Di Stefano był stawiany obok największych piłkarzy w historii - Pelego i Diego Maradony. 4 lipca obchodził urodziny, a następnego dnia miał zawał serca. Od tej pory przebywał w stanie ciężkim w szpitalu w Madrycie. Zmarł w poniedziałek w wyniku komplikacji pozawałowych.
Urodzony w Argentynie Di Stefano występował najczęściej na pozycji środkowego napastnika. W latach 1956-60 z Realem Madryt pięciokrotnie zdobył Puchar Europy, strzelając gole w każdym z meczów finałowych. Z „Królewskimi" ośmiokrotnie wywalczył też mistrzostwo Hiszpanii. W 282 występach ligowych w ich barwach zdobył 216 goli. Ostatnio był honorowym prezesem „Królewskich".
Di Stefano, którego ojciec był Włochem, przygodę z futbolem rozpoczął w River Plate Buenos Aires. W czasie 22-letniej kariery grał w reprezentacjach Argentyny, Kolumbii i Hiszpanii, ale nigdy nie wystąpił w mistrzostwach świata.
Tymczasem w Brazylii rośnie gorączka przed dzisiejszym meczem „Canarinhos" z Niemcami w półfinale mistrzostw świata. Gospodarze otrząsnęli się już po szoku, jakim była wiadomość o kontuzji i wyeliminowaniu z dalszej fazy mundialu Neymara i próbują traktować to wydarzenie jako... dobry omen, przywołując historię z 1962 roku.
Wówczas, podczas mistrzostw świata w Chile, w drugim meczu Brazylii przeciwko Czechosłowacji (0:0) doznał kontuzji słynny Pele i nie zagrał już w następnych spotkaniach. Mimo to „Canarinhos" dotarli do finału, w którym pokonali 3:1 tę samą ekipę Czechosłowacji.
Nie jest jeszcze znany sędzia drugiego półfinału Argentyna - Holandia, który zostanie rozegrany w środę w Sao Paulo. Wiadomo natomiast, że nie wystąpi w nim Argentyńczyk Angel Di Maria, strzelec zwycięskiego gola w dogrywce meczu 1/8 finału ze Szwajcarią (1:0). Poinformował o tym lekarz reprezentacji Daniel Martinez.
Niewykluczone, że zastąpi go Sergio Aguero. Napastnik Manchesteru City, który doznał kontuzji uda w pierwszej połowie grupowego meczu z Nigerią, powrócił już do treningów i jest gotowy do gry.
Bohaterem reprezentacji Holandii w ćwierćfinałowym spotkaniu z Kostaryką (0:0, 4-3 w karnych) był rezerwowy bramkarz Tim Krul.
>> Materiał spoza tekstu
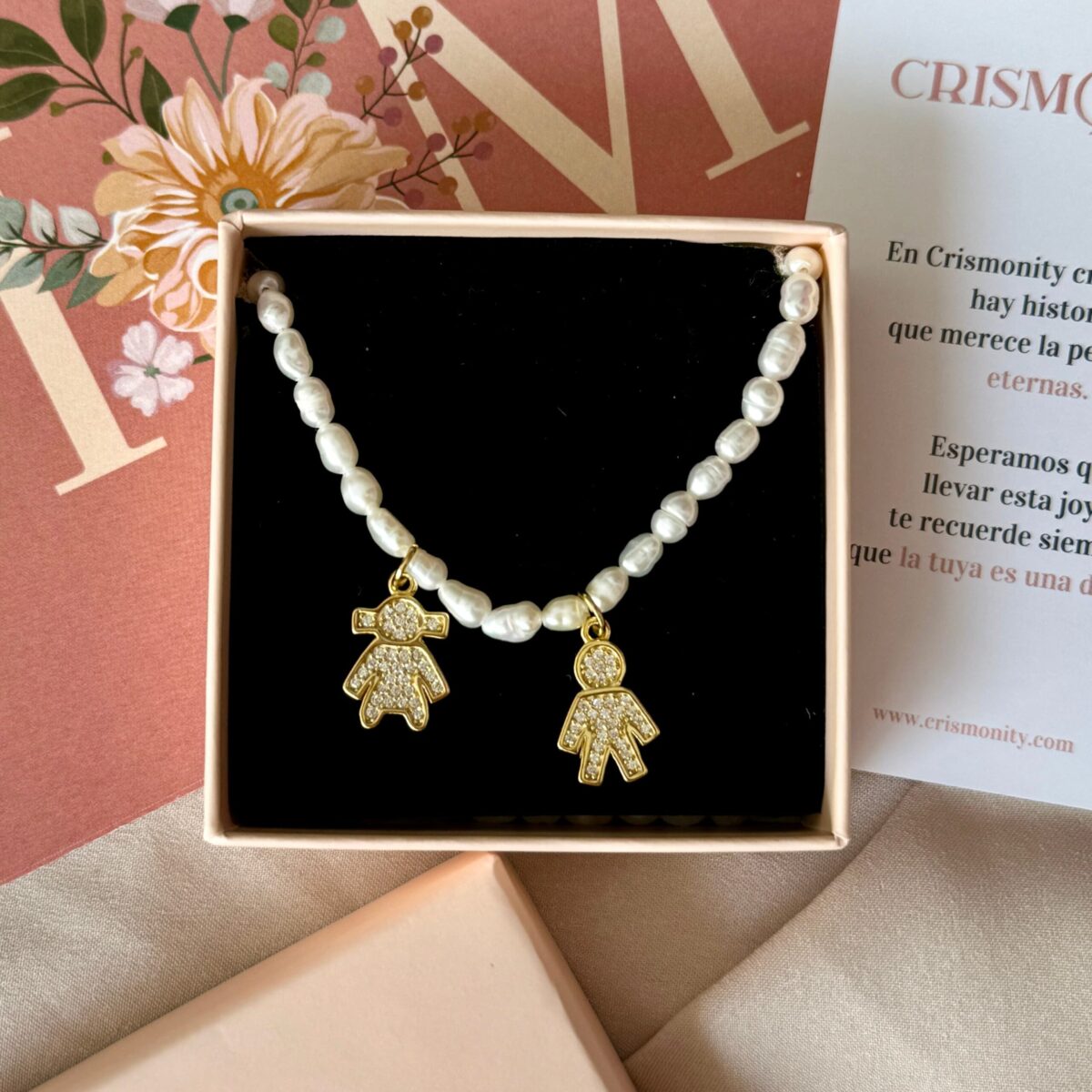 Collar Perlas cultivadas Niños Plata de primera ley chapada en oro de 18K con circonitas. Perlas cultivadas montadas a mano una a una en una pieza única con niños.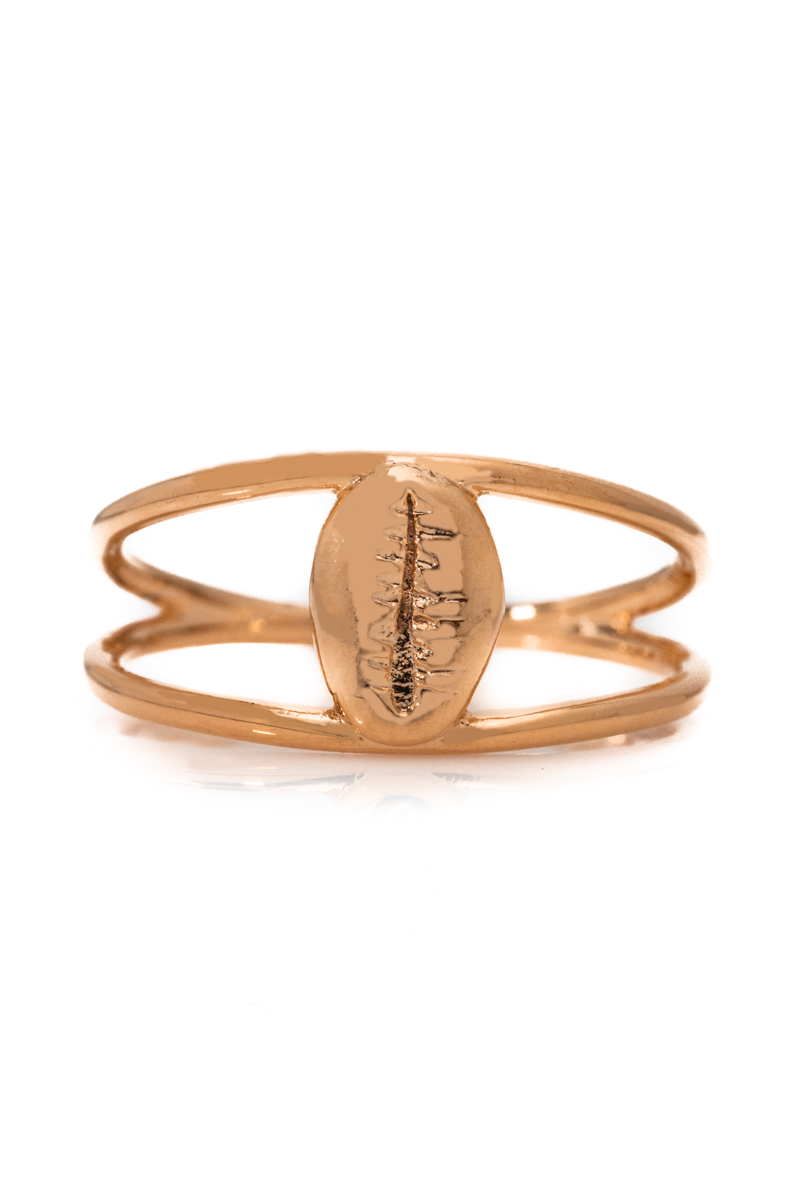• Unleash your inner fashionista, this ring displays a unique gold dipped metal cowrie shell design. A chic and sophisticated ring that's perfect for dressing up or down. Available in G, R and S. This item is sold in packs of 1.

Chwalono także selekcjonera Louisa van Gaala za odwagę i trenerski instynkt, którym wykazał się zmieniając golkipera w 121. minucie, gdy praktycznie przesądzone było, że dojdzie do rzutów karnych.
Krul zastąpił Jaspera Cillessena. Następnie obronił dwie „jedenastki" i wprowadził zespół do półfinału.
Decyzję szkoleniowca skrytykował jednak były kapitan reprezentacji Włoch Fabio Cannavaro, uznając ją za brak szacunku wobec bramkarzy.
"Wiem, że teraz każdy traktuje dokonanie przez Van Gaala tej zmiany jako coś magicznego, niesamowitego. Jeśli mam być jednak szczery, to nie było coś, co mi się spodobało. To brak szacunku wobec golkiperów" - powiedział 40-letni Cannavaro, 136-krotny reprezentant Włoch, były obrońca m.in. Realu Madryt i Juventusu Turyn, uznany najlepszym piłkarzem świata w 2006 roku.
Z wypowiedzi Van Gaala wynika, że w środowym półfinale z Argentyną w podstawowym składzie znów wystąpi Cillessen.